◆ STUDY MATERIAL
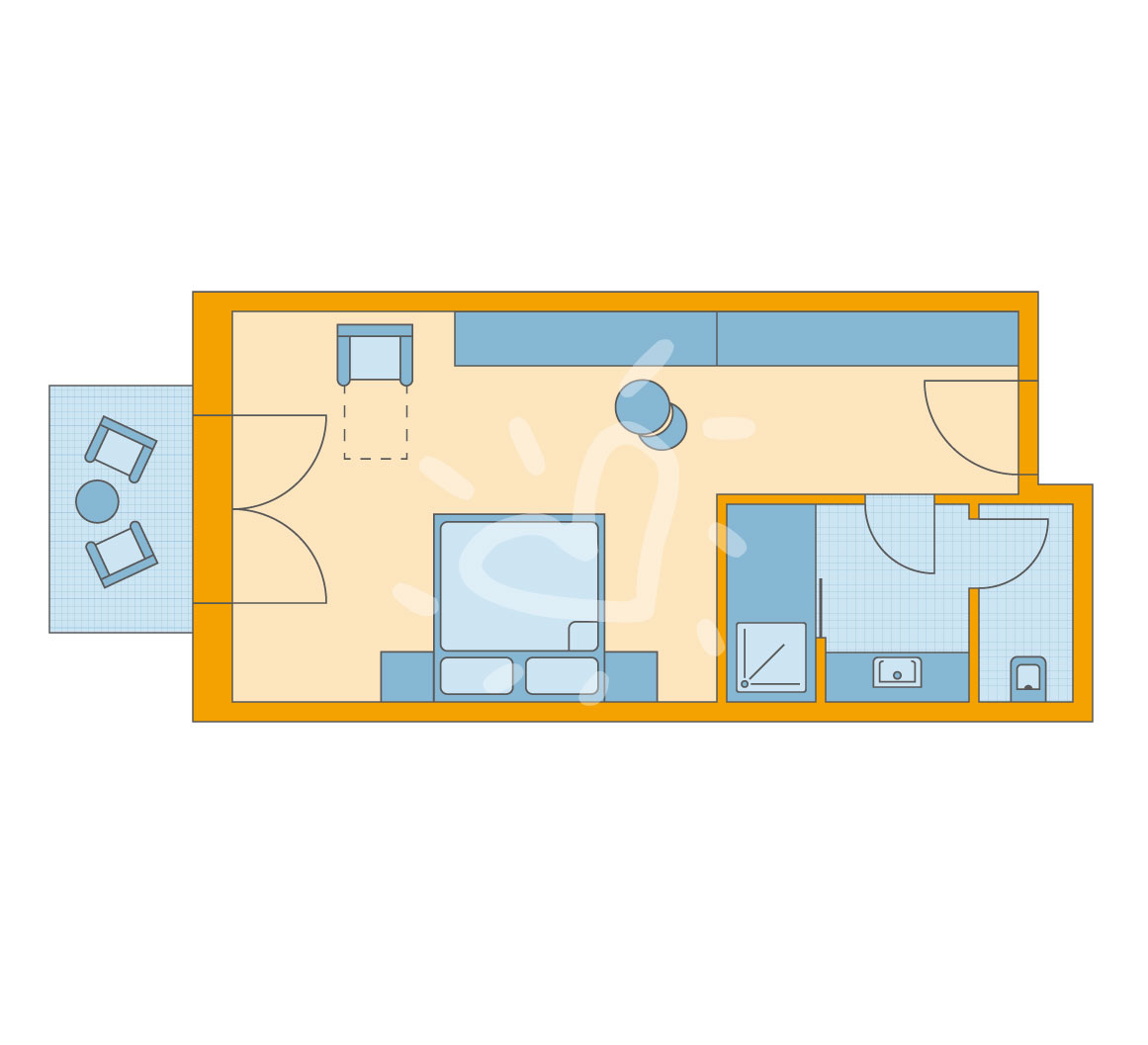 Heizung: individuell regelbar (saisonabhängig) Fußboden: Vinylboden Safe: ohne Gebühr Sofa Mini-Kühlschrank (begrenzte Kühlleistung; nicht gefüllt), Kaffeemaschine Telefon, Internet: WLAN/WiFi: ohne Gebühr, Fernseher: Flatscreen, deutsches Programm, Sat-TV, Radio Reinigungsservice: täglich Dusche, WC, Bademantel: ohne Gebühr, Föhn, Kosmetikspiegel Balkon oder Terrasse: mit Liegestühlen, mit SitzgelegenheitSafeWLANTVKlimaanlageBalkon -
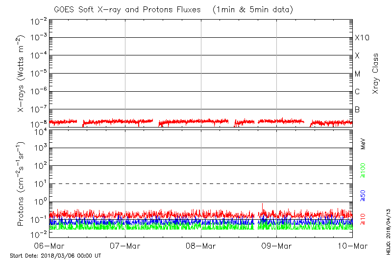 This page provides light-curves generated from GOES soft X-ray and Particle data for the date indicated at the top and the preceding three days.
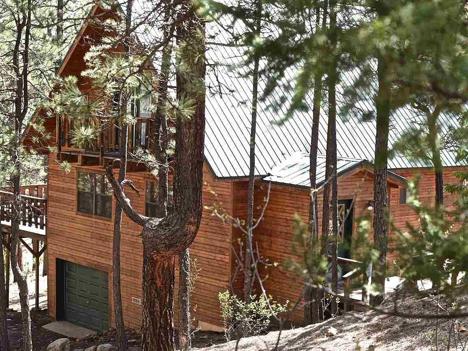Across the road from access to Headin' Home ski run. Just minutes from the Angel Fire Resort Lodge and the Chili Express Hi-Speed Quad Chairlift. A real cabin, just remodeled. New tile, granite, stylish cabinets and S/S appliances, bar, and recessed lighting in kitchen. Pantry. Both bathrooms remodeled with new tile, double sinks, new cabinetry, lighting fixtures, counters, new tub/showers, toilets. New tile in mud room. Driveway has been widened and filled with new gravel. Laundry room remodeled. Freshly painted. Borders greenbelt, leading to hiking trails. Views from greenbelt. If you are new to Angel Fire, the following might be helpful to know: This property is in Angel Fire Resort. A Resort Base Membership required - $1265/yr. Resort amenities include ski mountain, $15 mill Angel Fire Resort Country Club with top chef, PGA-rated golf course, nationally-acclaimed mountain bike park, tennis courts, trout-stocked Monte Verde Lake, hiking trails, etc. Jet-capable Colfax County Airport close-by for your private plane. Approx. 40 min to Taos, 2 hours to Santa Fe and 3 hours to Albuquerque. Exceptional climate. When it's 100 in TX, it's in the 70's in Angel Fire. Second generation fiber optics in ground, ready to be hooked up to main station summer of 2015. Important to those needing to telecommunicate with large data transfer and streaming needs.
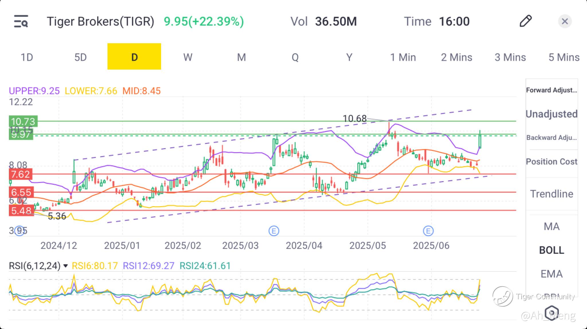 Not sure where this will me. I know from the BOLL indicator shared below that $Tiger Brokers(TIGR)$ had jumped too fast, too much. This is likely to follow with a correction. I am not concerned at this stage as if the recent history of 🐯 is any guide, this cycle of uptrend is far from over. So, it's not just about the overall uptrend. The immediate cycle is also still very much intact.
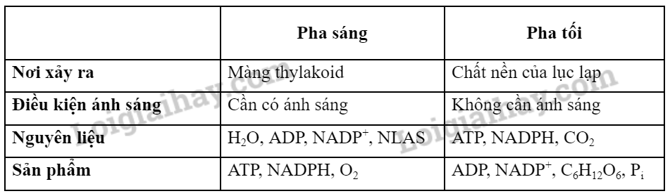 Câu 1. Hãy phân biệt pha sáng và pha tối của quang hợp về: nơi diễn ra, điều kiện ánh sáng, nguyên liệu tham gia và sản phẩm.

◆ TASK STATEMENT
Exactly the lines from the one that contains "Across the road" through the final line of the records above are needed, given again word for word, with every picture left out.

◆ WRITTEN RESPONSE
Across the road from access to Headin' Home ski run. Just minutes from the Angel Fire Resort Lodge and the Chili Express Hi-Speed Quad Chairlift. A real cabin, just remodeled. New tile, granite, stylish cabinets and S/S appliances, bar, and recessed lighting in kitchen. Pantry. Both bathrooms remodeled with new tile, double sinks, new cabinetry, lighting fixtures, counters, new tub/showers, toilets. New tile in mud room. Driveway has been widened and filled with new gravel. Laundry room remodeled. Freshly painted. Borders greenbelt, leading to hiking trails. Views from greenbelt. If you are new to Angel Fire, the following might be helpful to know: This property is in Angel Fire Resort. A Resort Base Membership required - $1265/yr. Resort amenities include ski mountain, $15 mill Angel Fire Resort Country Club with top chef, PGA-rated golf course, nationally-acclaimed mountain bike park, tennis courts, trout-stocked Monte Verde Lake, hiking trails, etc. Jet-capable Colfax County Airport close-by for your private plane. Approx. 40 min to Taos, 2 hours to Santa Fe and 3 hours to Albuquerque. Exceptional climate. When it's 100 in TX, it's in the 70's in Angel Fire. Second generation fiber optics in ground, ready to be hooked up to main station summer of 2015. Important to those needing to telecommunicate with large data transfer and streaming needs.
 Not sure where this will me. I know from the BOLL indicator shared below that $Tiger Brokers(TIGR)$ had jumped too fast, too much. This is likely to follow with a correction. I am not concerned at this stage as if the recent history of 🐯 is any guide, this cycle of uptrend is far from over. So, it's not just about the overall uptrend. The immediate cycle is also still very much intact.
 Câu 1. Hãy phân biệt pha sáng và pha tối của quang hợp về: nơi diễn ra, điều kiện ánh sáng, nguyên liệu tham gia và sản phẩm.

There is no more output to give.